MARS also decreased electrical costs by 40% while the team created an algorithm to adjust plant size and energy storage. If the grid gets interrupted, then MARS will jump-start it via the novel inverter, which also maintains grid stability. The team has partnered up with Opal-RT, Hitachi Energy, Southern California Edison, and the Georgia Institute of Technology to demonstrate the components’ grid stability or a smaller design of MARS.
A schematic diagram of IIASA’s proposed Underground Gravity Energy Storage. (Image Credit: IIASA)
Now that the world relies more on renewables to generate electricity, two problems still arise, affordability and energy storage. By 2025, solar expects to eclipse coal with similar costs, so that challenge is already being addressed. To help solve the storage ordeal, the International Institute for Applied Systems Analysis (IIASA) has proposed transforming abandoned mines into large-scale power-distributing gravity batteries called Underground Gravity Energy Storage (UGES). And there are millions of abandoned mines worldwide to take advantage of for this purpose. Many have the essential infrastructure and connect to the grid.
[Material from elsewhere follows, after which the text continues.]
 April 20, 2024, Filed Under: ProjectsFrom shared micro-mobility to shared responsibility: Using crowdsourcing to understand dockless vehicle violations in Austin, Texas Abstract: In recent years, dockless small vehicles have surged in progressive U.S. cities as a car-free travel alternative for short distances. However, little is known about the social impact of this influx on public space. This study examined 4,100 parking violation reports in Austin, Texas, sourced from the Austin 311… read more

This battery uses excess energy to bring up heavy objects. The weight falls if the system requires additional energy. Afterward, a turbine will spin and transform the kinetic energy into electricity. That electricity is then utilized during peak hours. If the grid has excess energy, then some of that energy is used by the gravity battery to lift the load and store the energy for a later time. Any leftover energy gets stored in the weight’s gravitational potential, which means it doesn’t discharge like chemical batteries.
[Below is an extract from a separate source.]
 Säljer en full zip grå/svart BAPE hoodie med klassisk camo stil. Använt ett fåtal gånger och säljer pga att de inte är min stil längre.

These UGES systems would use elevators already installed in abandoned mine shafts to lift and lower containers filled with sand. Each side of the mine shaft contains electric motors and generators, allowing these elevators to ascend and descend. Regenerative braking generates electricity as they move down, and it consumes some of that power while ascending.
Converting decommissioned mines costs approximately $1-10 per kilowatt-hour with another $2,000 per kilowatt of capacity, according to IIASA’s estimates. The researchers also believe this battery system could produce 7 to 70 terawatt-hours globally. China, India, Russia, and the United States would generate the most since those countries have the most decommissioned mines. The world consumed 25 terawatt-hours in 2021, so this energy potential would be huge.
Taking on this project also provides more benefits. For instance, it would mean reintroducing or preserving jobs that were otherwise lost when the mines closed. Although this concept is still being explored, it poses a promising renewable energy storage solution with huge potential. The researchers still need to look at large-scale feasibility, and the IIASA says it’s cost-effective.